Simon joins them. As he settles on a bar stool he pats his brother on the back.
“Business call?” Ralf says.
“Sort of.”
“Now that we’ve heard all about Francisco’s history, how about you tell us what your business is over there at the tavern,” Ralf says.
“All right,” Simon says with a sigh. “I knew I’d have to sooner or later.” He tells his brother about the handwritten message he got from Don Paquito three years ago, when Simon was working at a brokerage in St. Louis. “I didn’t have any idea who he was,” Simon says. “He offered me a lot of money.” They met at the deserted Santa Teresa Golf Club. Simon recognized his father immediately. It was just a grayer version of the face that appeared over his bed when he was a child, waking him up to kiss him good night, talk
ing to him in Spanish and smelling of rum. “Same guy,” he says, taking a sip of his club soda. “He even did the same trick with his eyebrow. Have you noticed that?”
Ralf nods.
Francisco convinced him, Simon continues, that he wasn’t the monster he was made out to be, that he didn’t have a harem and tigers and a full stable of killers on call. “He gave me the same talk he gave you about journalism and truth in the boost. He told me he had a problem. He had a business that was growing too fast for him to handle. He had to figure out how to deal with all the revenue pouring in.”
“It couldn’t be that much,” Ralf says. “Three hundred thousand people times, what?” He quickly gives up pushing any arithmetic through his wild brain, already addled by tequila. He takes another sip of the margarita.
“You have no idea,” Simon says. “How much are you making in your job in Washington?”

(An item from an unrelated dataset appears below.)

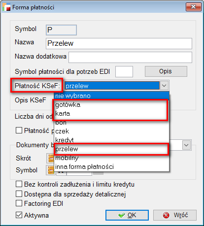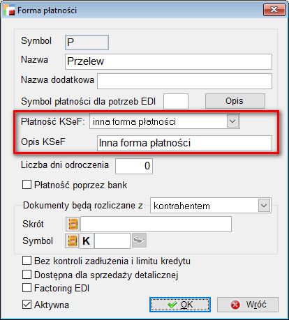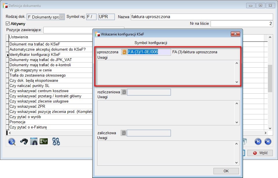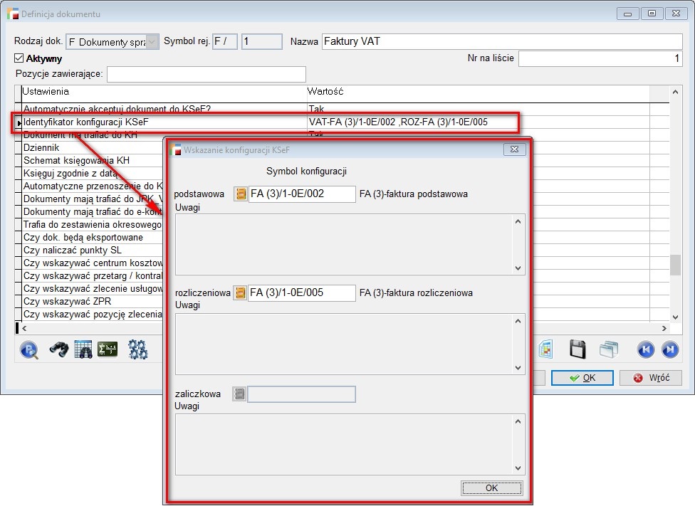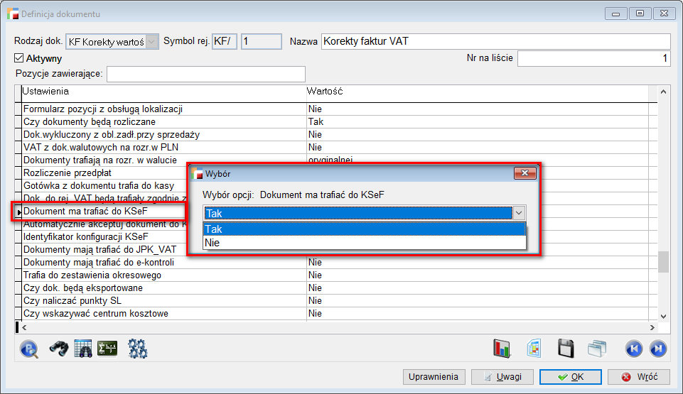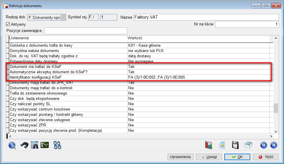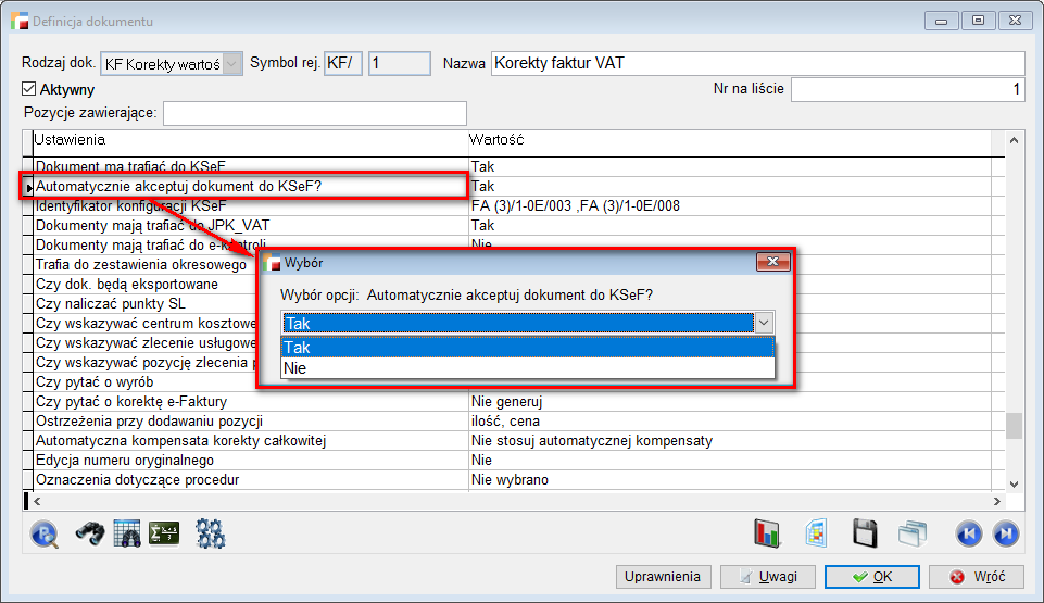- Ustawić opcję Dokument ma trafiać do KSeF na wartość TAK.

“Four million a year,” Ralf says, shrugging. “Government work.” He takes another sip of the drink.
“Well, if you wanted to subscribe to The Tribune, five days a week, fifty weeks a year, it would cost you three months’ wages, before taxes.”
“Get off it!”
“A million a year,” Simon says, nodding. “He has about a hundred journalists on payroll and sizable distribution costs. But compared to the revenue, it’s nothing. Of course he spends almost nothing on technology. About ninety percent of the money that comes in is pure profit.”
Simon goes on to describe in great detail how he and Chui run what amounts to a brokerage out of the tavern, and how they juggle Francisco’s billions in accounts all over the world. He mentions exotic financial instruments and associates he works with in Shanghai, Montevideo, and Zurich.